Обгоняя Пьера, без шапок бежали навстречу идущим солдаты и ополченцы.
– Матушку несут! Заступницу!.. Иверскую!..
– Смоленскую матушку, – поправил другой.
Ополченцы – и те, которые были в деревне, и те, которые работали на батарее, – побросав лопаты, побежали навстречу церковному шествию. За батальоном, шедшим по пыльной дороге, шли в ризах священники, один старичок в клобуке с причтом и певчпми. За ними солдаты и офицеры несли большую, с черным ликом в окладе, икону. Это была икона, вывезенная из Смоленска и с того времени возимая за армией. За иконой, кругом ее, впереди ее, со всех сторон шли, бежали и кланялись в землю с обнаженными головами толпы военных.
Взойдя на гору, икона остановилась; державшие на полотенцах икону люди переменились, дьячки зажгли вновь кадила, и начался молебен.

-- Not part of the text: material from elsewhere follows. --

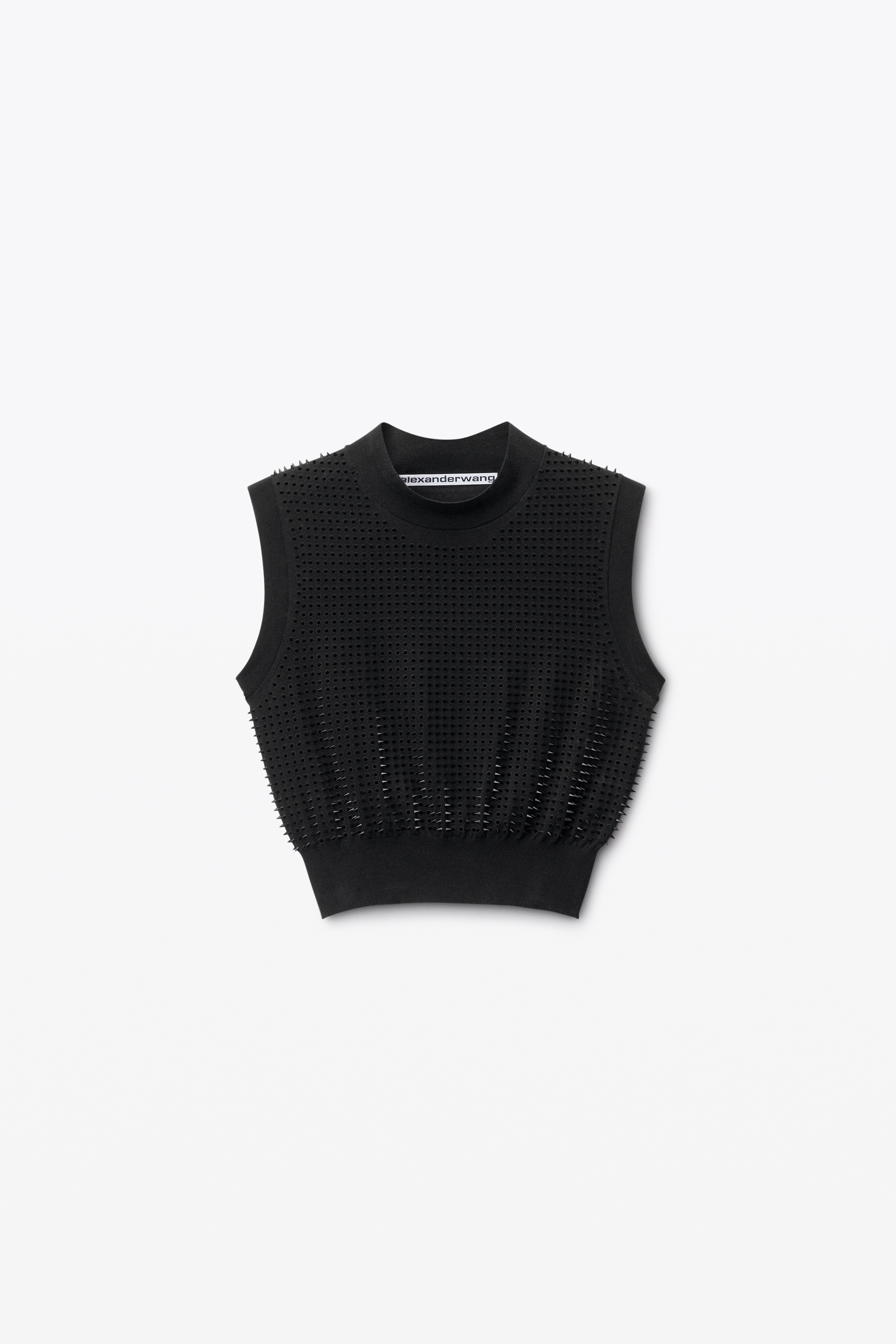 custom 3d-molded spikes amplify this black jersey knit tank top finished with sweater-rib trim. - mockneck - short sleeves - body composition: 38% cupro/31% polyamide/24% polyester/7% elastane - trim: 41% cupro/31% polyamide/25% polyester/3% elastane - made in china - model is 5’10" and wears a size s - 1kc4241023001 composition Body/Exterieur: 38%CUPRO/31%POLYAMIDE/24%POLYESTER/7%ELASTANE RIB TRIM: 41%CUPRO/31%POLYAMIDE/25%POLYESTER/3%ELASTANE

Жаркие лучи солнца били отвесно сверху; слабый, свежий ветерок играл волосами открытых голов и лентами, которыми была убрана икона; пение негромко раздавалось под открытым небом. Огромная толпа с открытыми головами офицеров, солдат, ополченцев окружала икону. Позади священника и дьячка, на очищенном месте, стояли чиновные люди. Один плешивый генерал с Георгием на шее стоял прямо за спиной священника и, не крестясь (очевидно, пемец), терпеливо дожидался конца молебна, который он считал нужным выслушать, вероятно, для возбуждения патриотизма русского народа. Другой генерал стоял в воинственной позе и потряхивал рукой перед грудью, оглядываясь вокруг себя. Между этим чиновным кружком Пьер, стоявший в толпе мужиков, узнал некоторых знакомых; но он не смотрел на них: все внимание его было поглощено серьезным выражением лиц в этой толпе солдат и оиолченцев, однообразно жадно смотревших на икону. Как только уставшие дьячки (певшие двадцатый молебен) начинали лениво и привычно петь: «Спаси от бед рабы твоя, богородице», и священник и дьякон подхватывали: «Яко вси по бозе к тебе прибегаем, яко нерушимой стене и предстательству», – на всех лицах вспыхивало опять то же выражение сознания торжественности наступающей минуты, которое он видел под горой в Можайске и урывками на многих и многих лицах, встреченных им в это утро; и чаще опускались головы, встряхивались волоса и слышались вздохи и удары крестов по грудям.
Толпа, окружавшая икону, вдруг раскрылась и надавила Пьера. Кто то, вероятно, очень важное лицо, судя по поспешности, с которой перед ним сторонились, подходил к иконе.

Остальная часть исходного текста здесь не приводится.